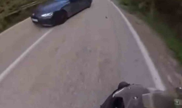 Bursa Gemlik yolu üzerinde seyir halinde olan bir motosikletli, kontrolden çıkarak karşı şeride geçen otomobile çarpmaktan son anda kurtuldu. O anlar motosikletlinin kask kamerasına saniye saniye yansıdı.Edinilen bilgiye göre, Gemlik istikametinde seyreden motosiklet sürücüsü, aniden kontrolden çıkan bir otomobilin karşı yöne savrulduğunu fark etti. Motosikletli refleksle manevra yaparak otomobille çarpışmaktan kıl payı kurtuldu.Korku dolu anlar, sürücünün kask kamerası tarafından anbean kaydedildi.
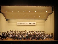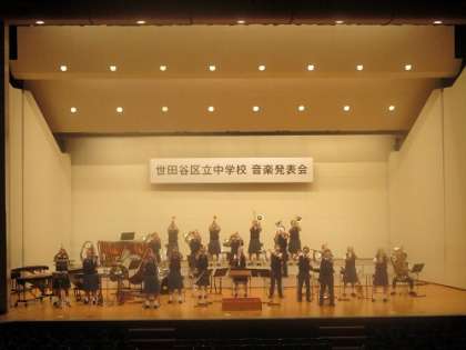 8月29日(木)世田谷区中学校音楽発表会が行われました。尾山台中学校は午後の部4番目の演奏でした。曲目は都コンクールで演奏した「サムソンとデリラより「バッカナール」。伝統ある尾山台中吹奏楽部の演奏は会場を魅了しました。2曲目の「世界はあなたに笑いかけている」ではキレのよいパフォーマンスで会場を盛り上げました。
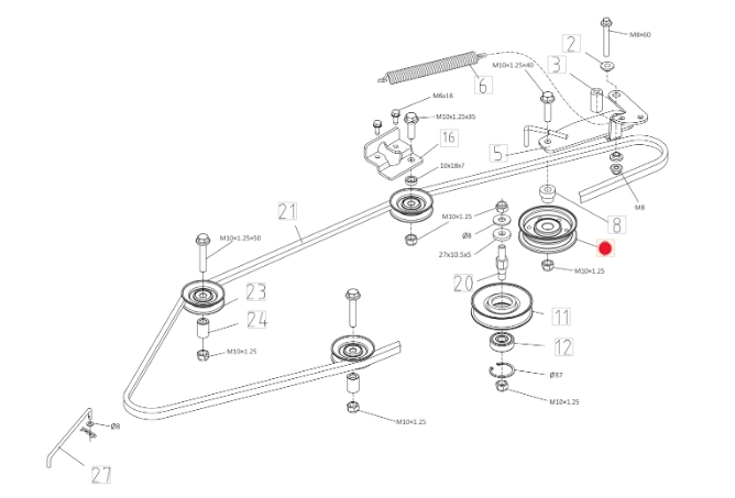 Koło pasowe napinacza jazdy traktorka Oleo-Mac - część oryginalna
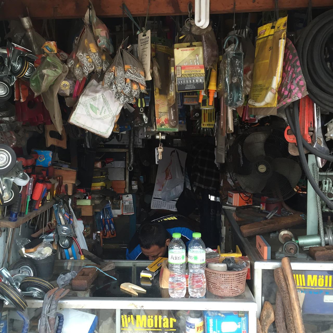 괜찮은 공구를 찾겠다는 일념으로 자카르타 Glodok이라는 동네를 샅샅이 헤매고 다녔다. Glodok은 한국의 청계천과 비슷한 지역이다. 각종 공구 상점이 몰려 있는 지역인데, 골목의 바닥은 찌든 때가 겹겹이 쌓여 있어서 신발을 신고도 땅을 함부로 밟기가 겁났다. 몇 걸음 걸으니 신발에 검댕이 묻어서 금방 까매졌다. 신발은 포기하고 그냥 연장이나 빨리 찾자. 기온은 30도를 훌쩍 넘는데, 호그와트 미로 같은 Glodok 뒷골목에는 바람 한 점 들어오지 않았다. 땀으로 샤워를 하며 골목을 누볐다. 뒷골못 구석진 곳에서 드디어 꽤나 번듯한 공구 상점을 하나 발견했다! 가게에 들어서자마자 일본제 줄자와 버니어 켈리퍼스 같은 연장들이 눈에 들어왔다. 아! 내가 원하던 연장들이다! 한국에서는 그 존재를 당연하게 여겼던 고마운 연장들. 그런데 문제는 상점에 재고가 충분치 않다는 것!
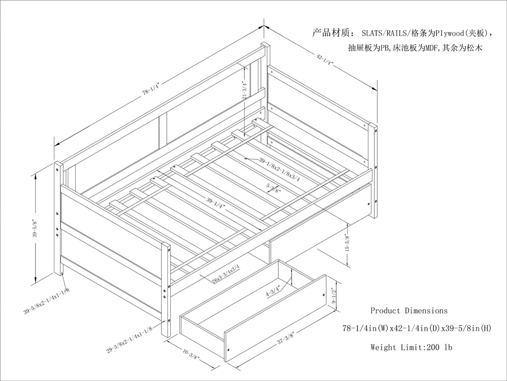 - #3 [Safety/ Quality] This bed is crafted from high-quality solid pine wood, providing lasting sturdiness and durability. The bed is constructed with firmly secured structure, forging solid stability that ensures supremely comfortable and supportive experience when users are sitting or sleeping restfully.
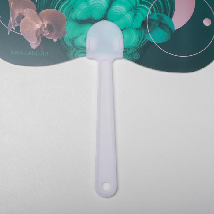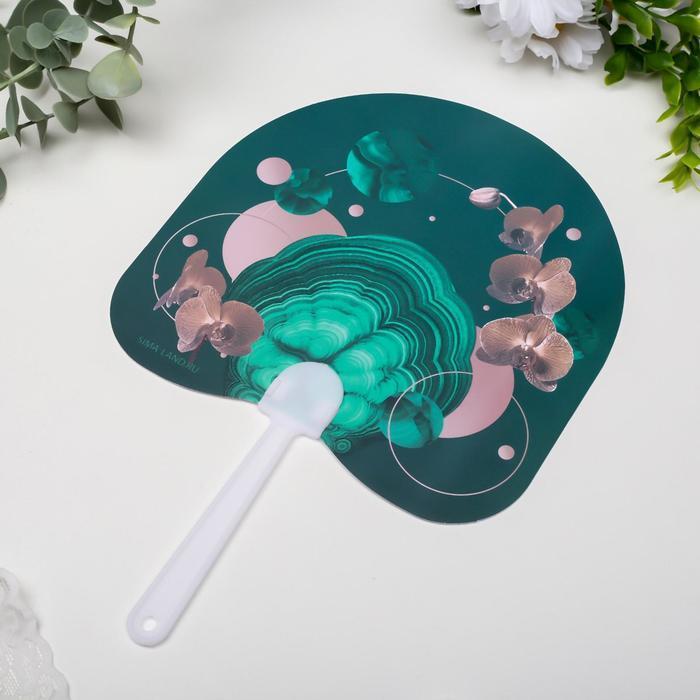 Веер-опахало "Малахит и золотая орхидея" 21х13 см
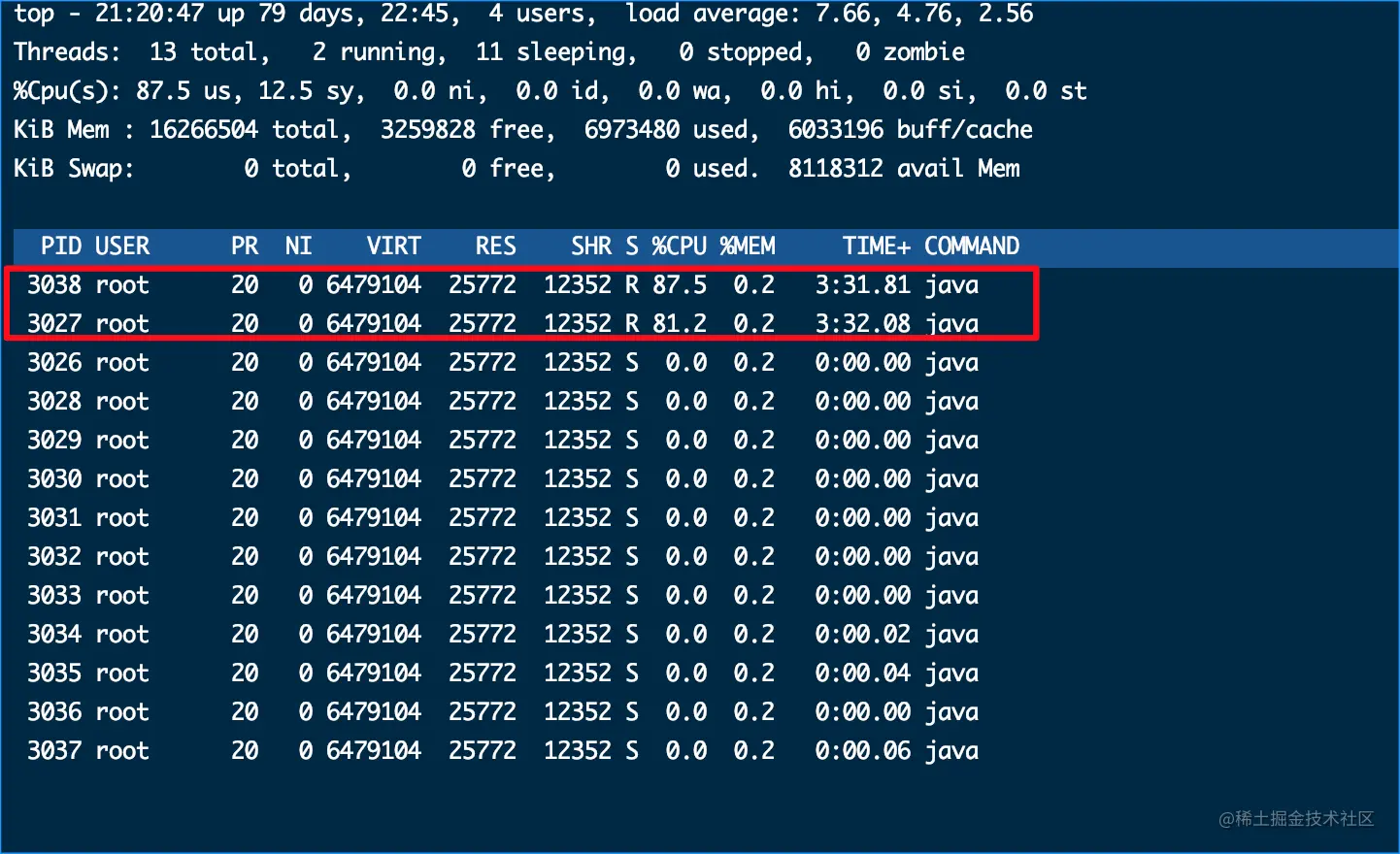 我们再运行top -n 1 -H -p 3026看一下进程中的每个线程占了多少CPU,可以看到下图中,有两个线程吃CPU吃的非常多,因为它是我们刚刚写的两个死循环的线程,

☆ ☆ ☆ ☆ ☆

● **YOUR INSTRUCTIONS**:
Leave out all pictures and output each line exactly, from the top of the records through the line that holds "Koło pasowe napinacza".

● **TASK SOLUTION**:
 Bursa Gemlik yolu üzerinde seyir halinde olan bir motosikletli, kontrolden çıkarak karşı şeride geçen otomobile çarpmaktan son anda kurtuldu. O anlar motosikletlinin kask kamerasına saniye saniye yansıdı.Edinilen bilgiye göre, Gemlik istikametinde seyreden motosiklet sürücüsü, aniden kontrolden çıkan bir otomobilin karşı yöne savrulduğunu fark etti. Motosikletli refleksle manevra yaparak otomobille çarpışmaktan kıl payı kurtuldu.Korku dolu anlar, sürücünün kask kamerası tarafından anbean kaydedildi.
 8月29日(木)世田谷区中学校音楽発表会が行われました。尾山台中学校は午後の部4番目の演奏でした。曲目は都コンクールで演奏した「サムソンとデリラより「バッカナール」。伝統ある尾山台中吹奏楽部の演奏は会場を魅了しました。2曲目の「世界はあなたに笑いかけている」ではキレのよいパフォーマンスで会場を盛り上げました。
 Koło pasowe napinacza jazdy traktorka Oleo-Mac - część oryginalna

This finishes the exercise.